Published 22/06/2021 at 14:53 GMT

Alys Thomas believes swimming needs to make changes to attract more fans to the sport. The 30-year-old Commonwealth Games 200m butterfly champion will make her long-awaited Olympic debut in Tokyo this summer. Thomas was one of the athletes featured in the inaugural season of the International Swimming League (ISL).

Alys Thomas

Image credit: Getty Images

If athletes wearing space suits is what it takes to attract more fans to her sport, Alys Thomas believes it's one small step for swimmers, but one giant leap for swimming kind.
Next month, the 30-year-old Commonwealth Games 200m butterfly champion will make her long-awaited Olympic debut. In May, Thomas and a number of her Tokyo-bound teammates were part of a British swimming delegation who enjoyed a national best 26-medal haul at the European Aquatics Championships in Budapest.
If you weren't aware of the feat, it probably wouldn't come as news to British Swimming CEO and former Olympian Jack Buckner, who on a dramatic, triple-gold night for his team, tweeted: "Hey mainstream British sports media, when are you going to wake up?"
Thomas has one possible solution. She was one of the athletes featured in the inaugural season of the International Swimming League (ISL), a professional touring competition featuring mixed teams of swimmers from around the world. Like cricket's The Hundred, the electric atmosphere features dramatic lighting and turntables, and the swimmers wore, in Thomas' words, "iridescent space suits."
The butterfly specialist, who was training for Tokyo at the Wales National Pool in Swansea, said: "I remember walking on poolside on one of the first matches and thinking, 'What the hell is going on here?'
"You look at this pool [in Swansea], it's a normal poolside, there's a tiled floor, bland lighting, lessons going on.
"But if you walked on that poolside, literally, it was like walking in a club. There was a live DJ that was playing the whole night, there was strobe lighting, smoke effects, everything.
"But it was a pool. It was a competition. And the whole competition was rigged up for TV. They were telling you where to go out, and you had markers to stand [on].
"But it was good to have that crossover and that mash-up because suddenly you were sort of thinking, well, actually, if swimming is going to get a bigger name for itself and get a bigger fanbase, this is what it needs.

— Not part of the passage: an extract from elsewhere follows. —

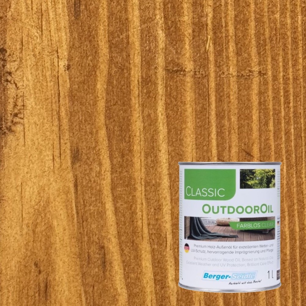 Berger-Seidle OutdoorOil — масло для наружных работ с высокими показателями проникновения в толщину древесины. Защищает дерево от влаги и загрязнений. Подходит для террасной доски, садовой мебели, беседок и покрытий из ДПК.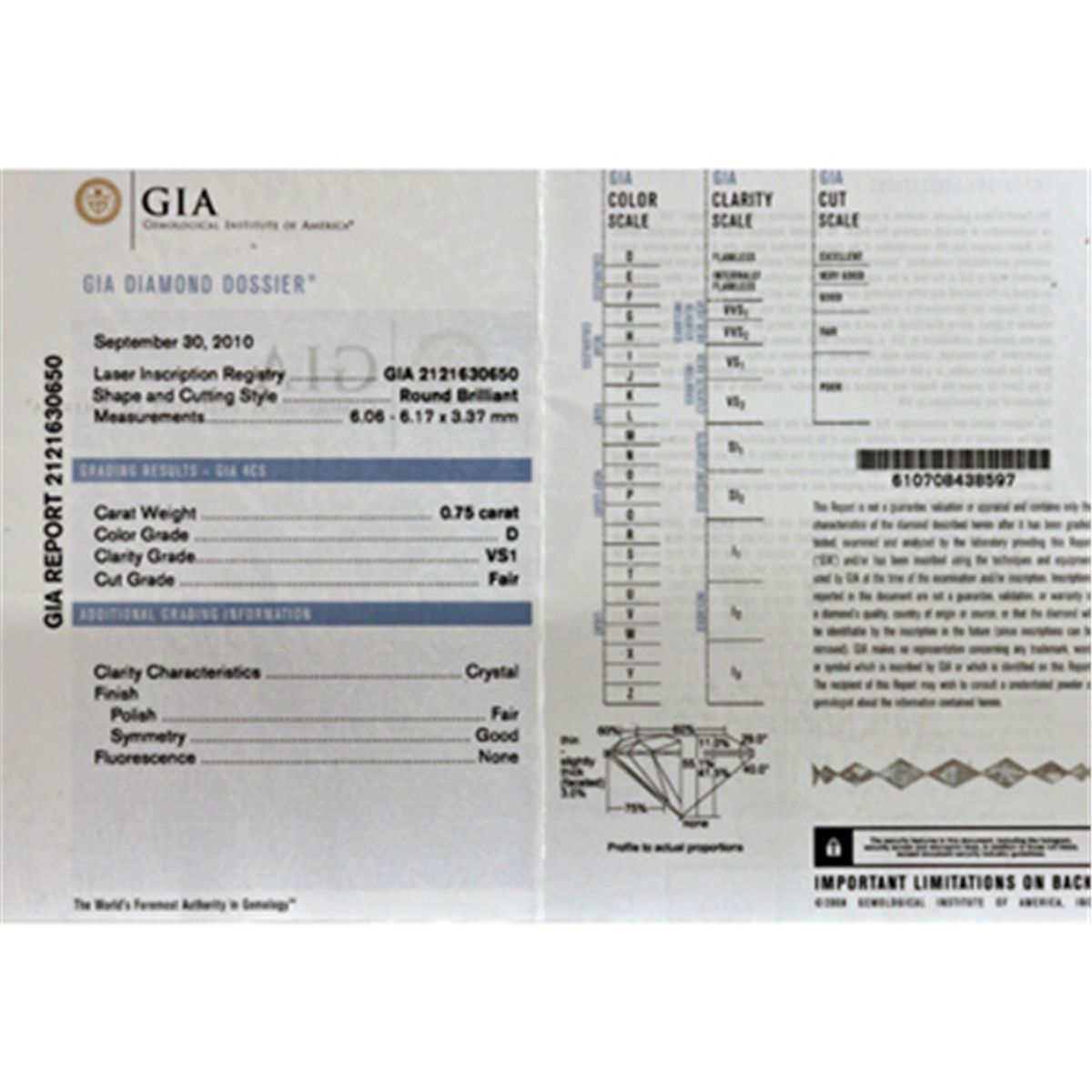 Jewelry Stone: Diamond ; Clarity: VS1 ; Color: D ; Total CTW: 0.75 ; Dia / CTW: 0.75 ; MSRP: $31878

"It needs this TV exposure, it needs to be shown where the fans are going to watch it, and ultimately that is on the media and on TV."
There was something about the whole thing, from the ambiance to the points-based team environment, that made even fierce competitors like Thomas' Team GB team-mate and ISL advocate Adam Peaty loosen up.

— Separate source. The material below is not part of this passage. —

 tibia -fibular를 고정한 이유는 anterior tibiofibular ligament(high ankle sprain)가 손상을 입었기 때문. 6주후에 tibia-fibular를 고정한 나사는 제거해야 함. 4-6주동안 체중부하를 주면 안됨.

Thomas, who is working with Purplebricks to encourage the nation to get behind Team GB on their journey to Tokyo, recalled: "All of a sudden, all of our serious swimmers were like, do you know what? Let's just have some fun. Let's go back to our youth and just race.
"I think it needs a few years to really get ingrained, but it's definitely going to be the future sort of direction that something has to go in.

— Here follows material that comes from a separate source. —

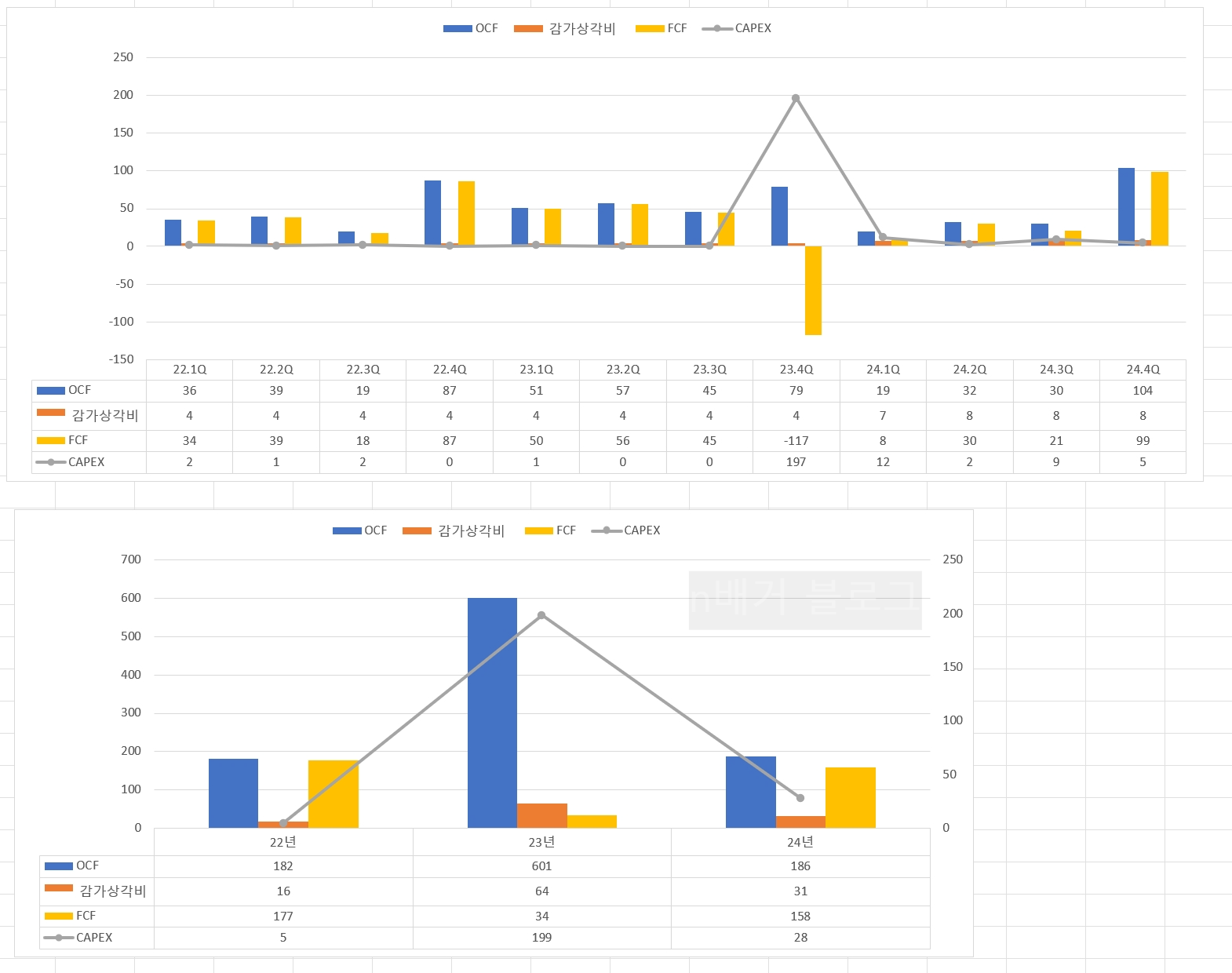이는 매출성장에도 불구하고 비용 증가폭이 커서 수익성을 다 훼손한것. CAPEX 가 큰 폭으로 감소 함녀서 OCF 감소에도 불구하고 FCF는 그래도 36억에서 157억으로 크게 개선되었다.

"A lot of the countries need to look, especially Britain, at how that setup is, even just take the lighting and make it more of a vibe, and make it a spectacle to watch."
Thomas has entered her name in the next ISL draft, but first: Tokyo.
Those who do stay up to watch Thomas and Team GB are in for a treat. The squad includes 2016 Olympic 100m breaststroke champion Peaty, British record-holding 200m breaststroker Molly Renshaw, and 2021 European medal-hauling 20-year-old phenom Freya Anderson.
And Thomas, who is trying to remain grounded after a decades-long journey finally landed her on an Olympics-bound plane, is just this once somewhat grateful for the lack of poolside pyrotechnics.
She said: "It's still going to be a pool, you know, it's still a 50-metre pool, same size, same blocks, lane ropes, it's all the same. It's just it's got a fancy logo on the sides."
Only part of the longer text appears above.